CEBPA full gene mutation analysis is a genetic test that examines the entire CEBPA gene for mutations or changes in the DNA sequence. CEBPA (CCAAT/enhancer binding protein alpha) is a transcription factor that plays a critical role in the regulation of cell growth and differentiation, particularly in the development of myeloid cells.

Mutations in the CEBPA gene have been associated with various disorders, including acute myeloid leukemia (AML) and familial acute myeloid leukemia. The CEBPA full gene mutation analysis can help identify specific mutations within the gene that may be contributing to the development of these disorders.

The analysis is typically performed using a DNA sample obtained from blood or bone marrow. The DNA is extracted and sequenced to determine the exact sequence of the CEBPA gene.

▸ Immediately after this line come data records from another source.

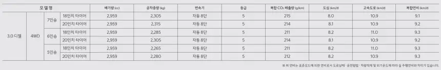 3. 제원과 연비
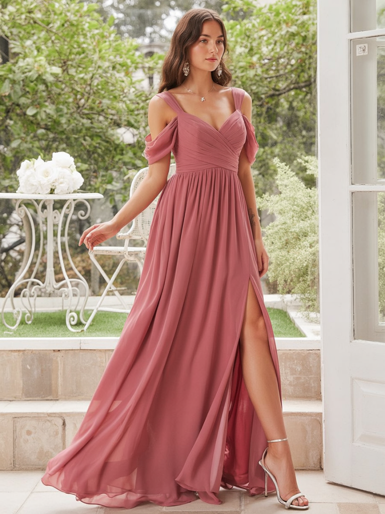 This mauve chiffon gown feels like something out of a garden romance novel—in the best, most wearable way. The off-shoulder draped straps show just enough skin while still feeling secure, and the soft pleating through the bodice gently defines the waist. When the skirt catches the breeze, it swirls around the legs, and that front slit adds a hint of drama without shouting for attention. It’s dreamy, feminine, and perfect for a floral-filled wedding day.
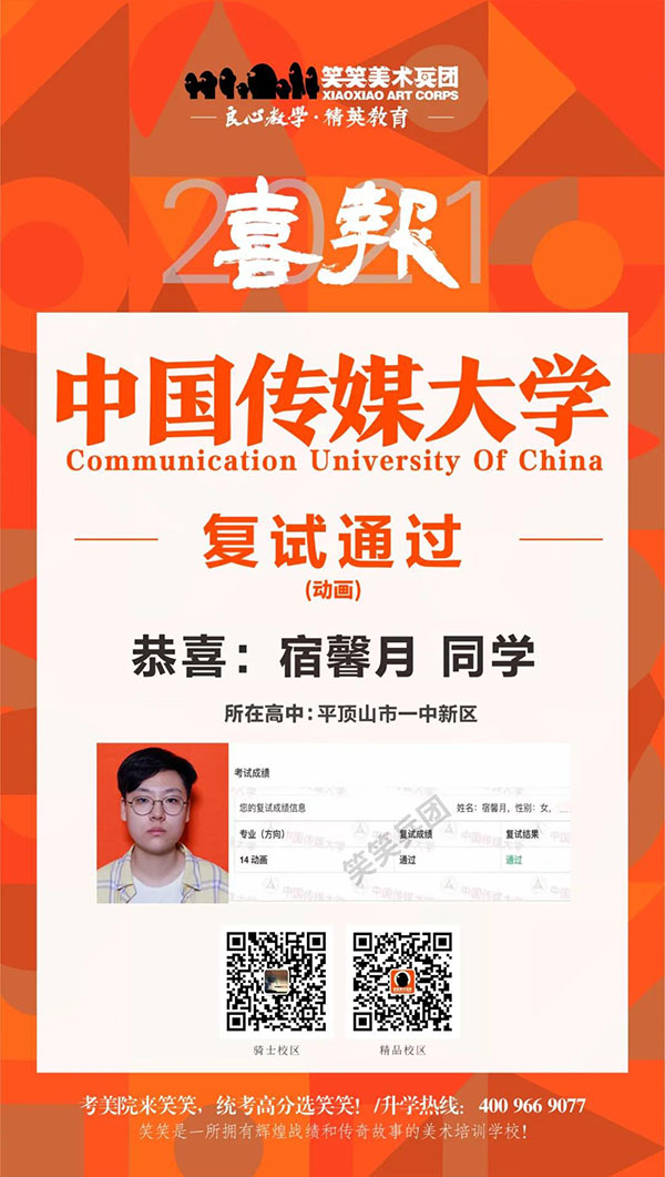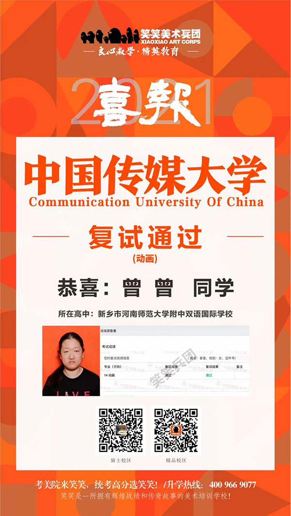 ▲曾曾/中国传媒大学(动画)复试通过
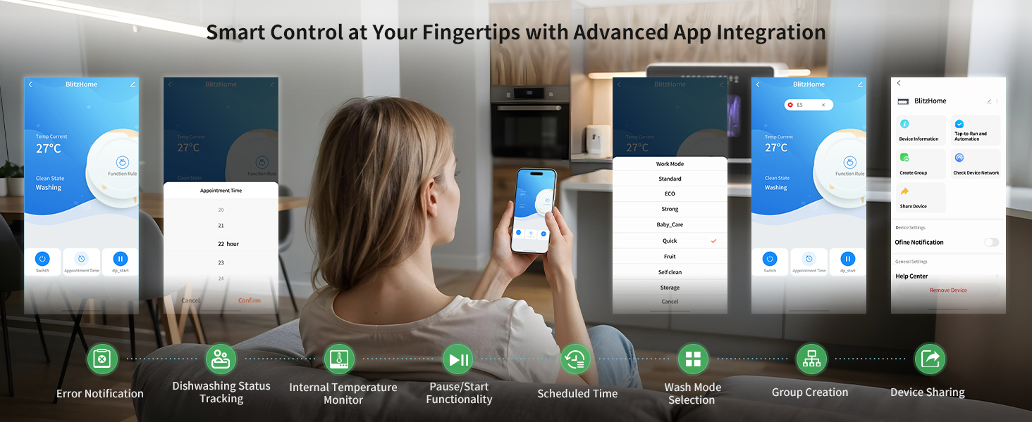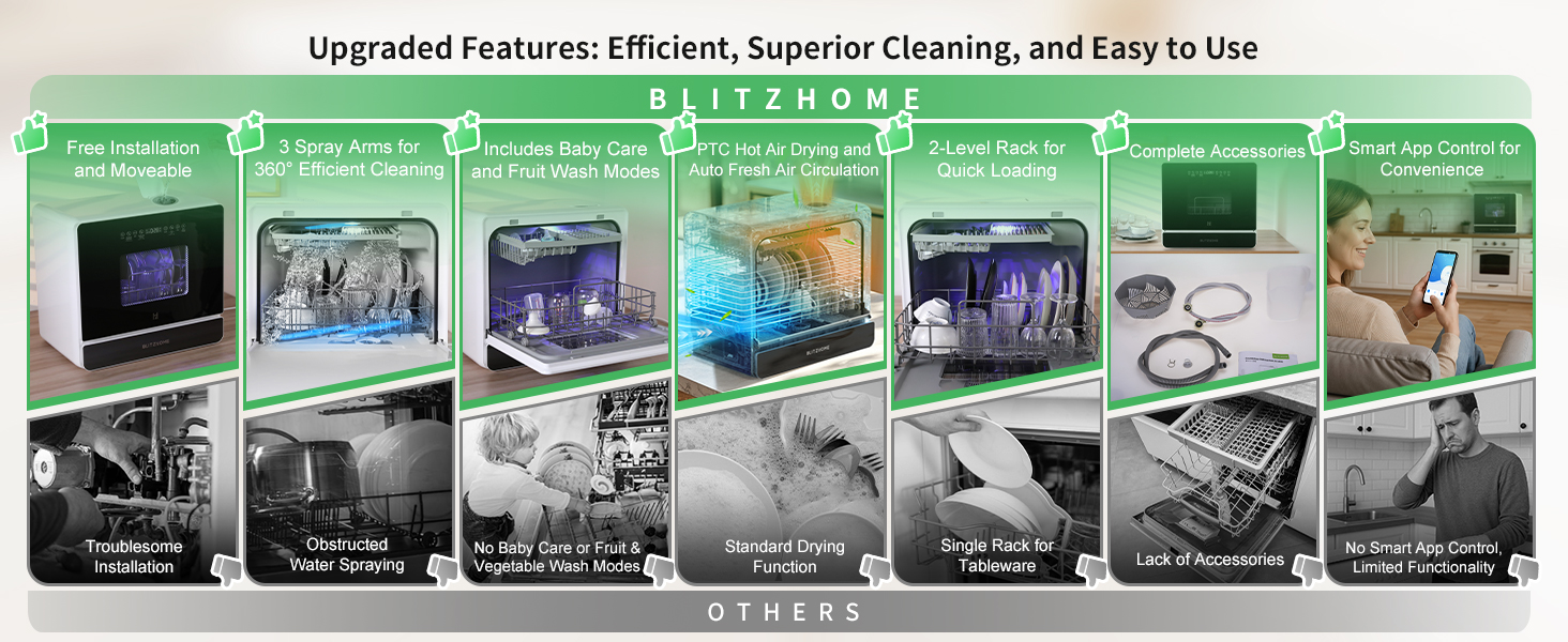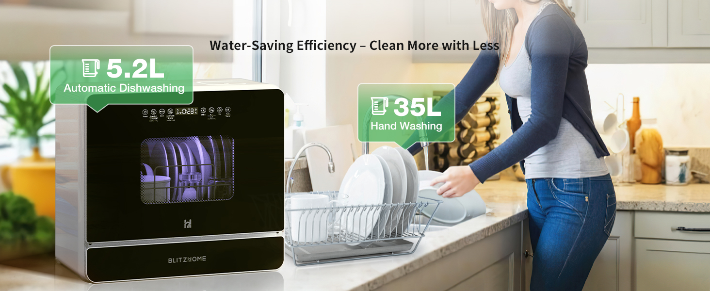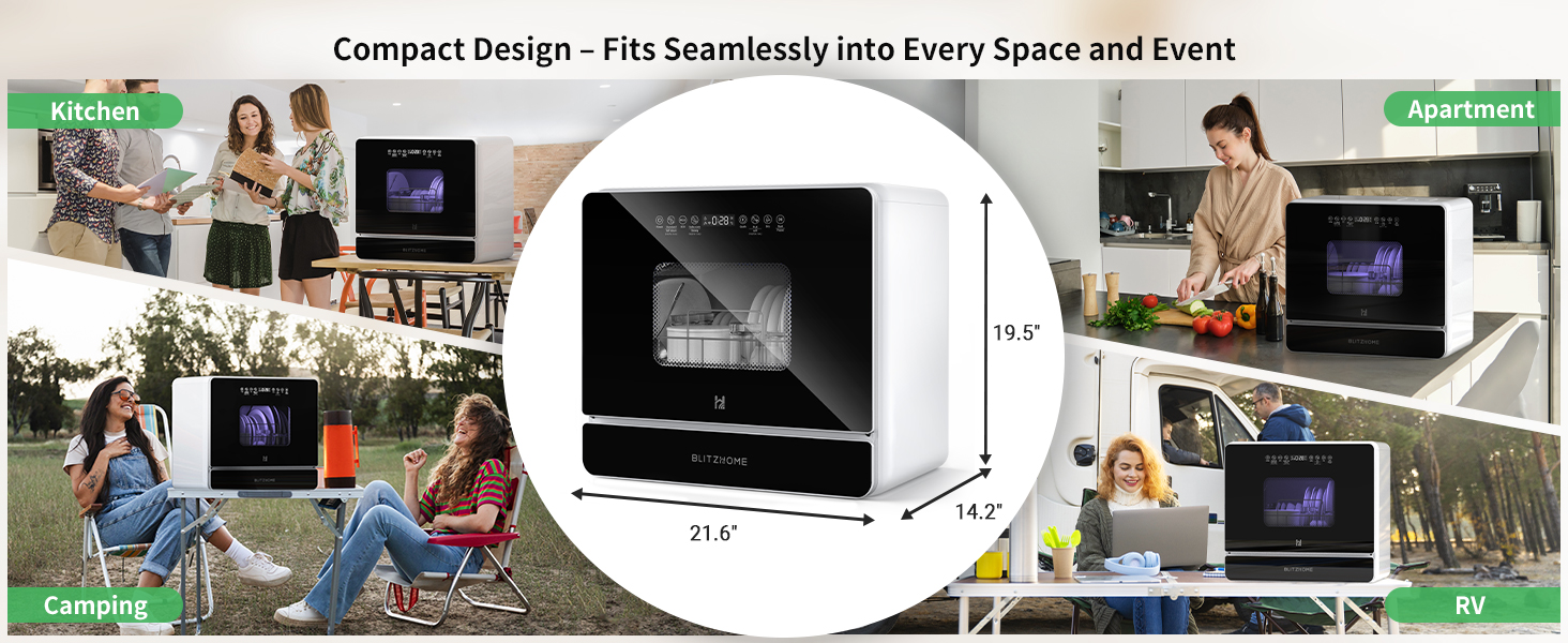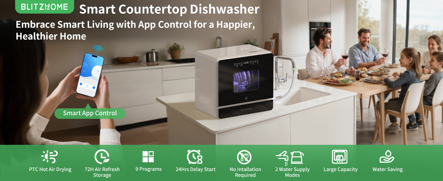 BlitzHome BH-6-CDW1 älykäs kannettava tiskikone sovellusohjauksella 5,2 l sisäinen säiliö 9 ohjelmaa
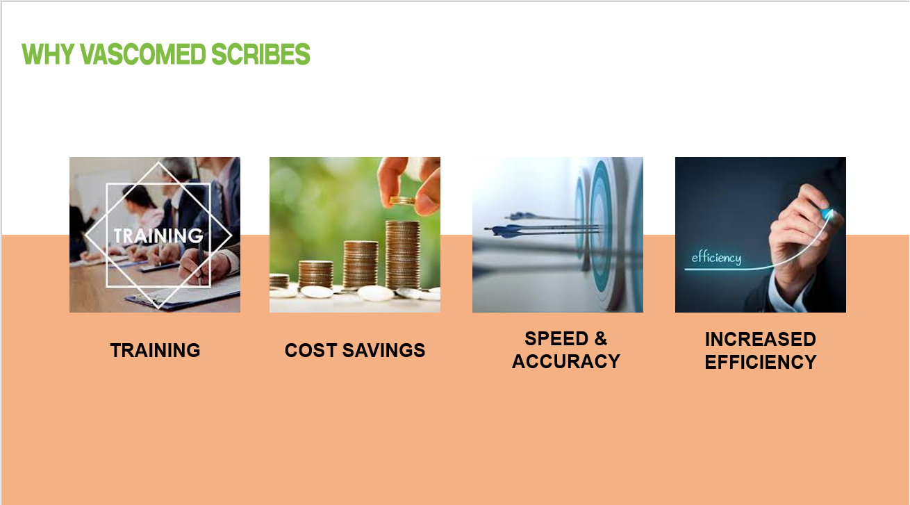 Vascomed is an efficient virtual medical scribe service that can be hired on-demand as needed from anywhere in India. We provide qualified, friendly scribes who will document your patient visit while you focus on caring for them. Our team of experienced scribes saves doctors up to 5 hours per day so you can get back to spending more time with your patients!
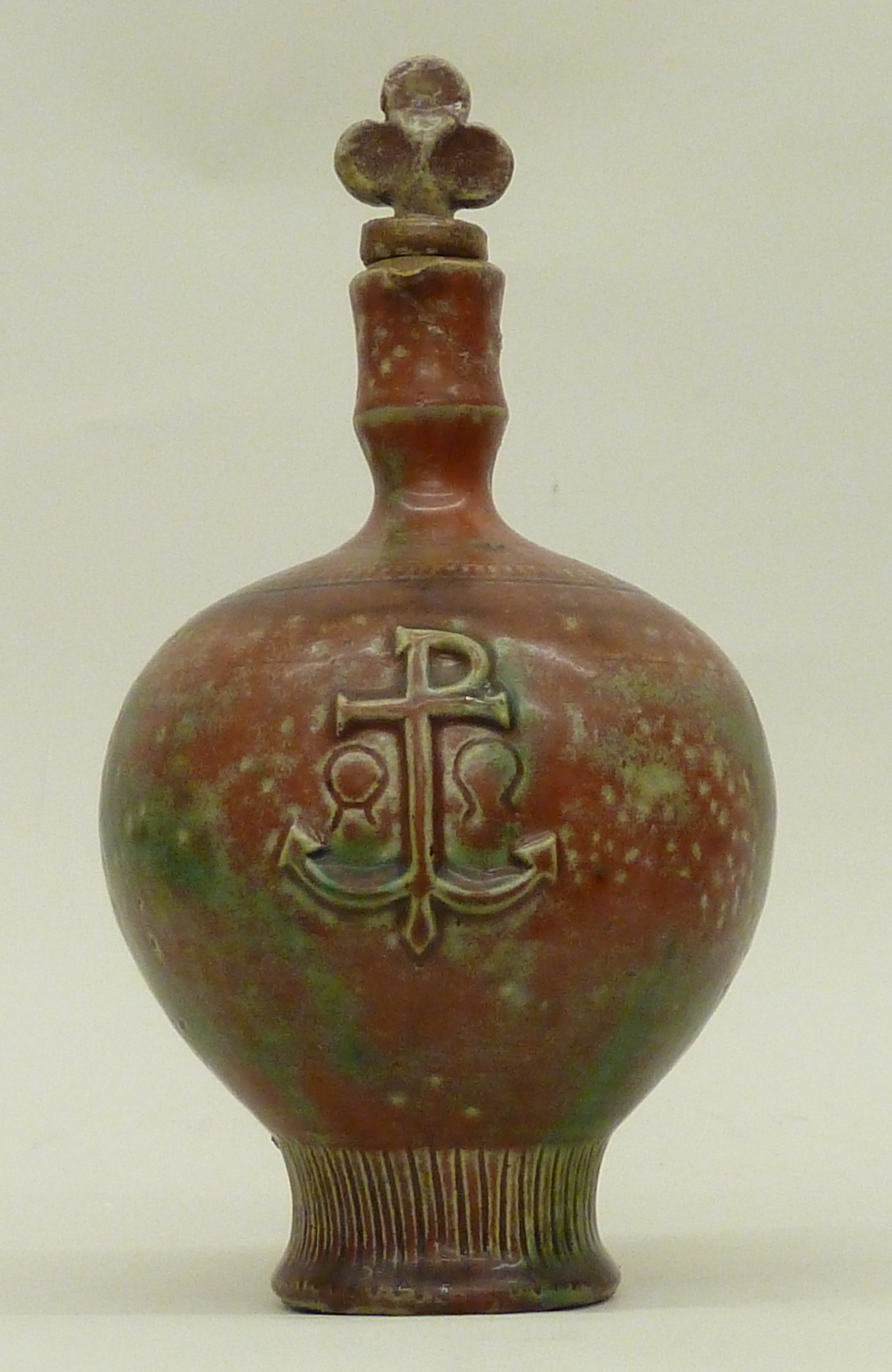 Rood-groene wijwaterkruik met oor en ankervormig Christusmonogram met alfa en omega

Any mutations or changes in the DNA sequence are identified and reported.

The results of the CEBPA full gene mutation analysis can provide valuable information for diagnosis, prognosis, and treatment planning in individuals with suspected or confirmed AML or other related disorders. It can help guide personalized treatment strategies and provide insight into the genetic basis of the disease.

It is important to note that this test specifically focuses on mutations within the CEBPA gene and does not provide information on mutations in other genes that may also be relevant to the development of AML or related disorders. Therefore, it is often performed in conjunction with other genetic tests to obtain a comprehensive genetic profile of the individual.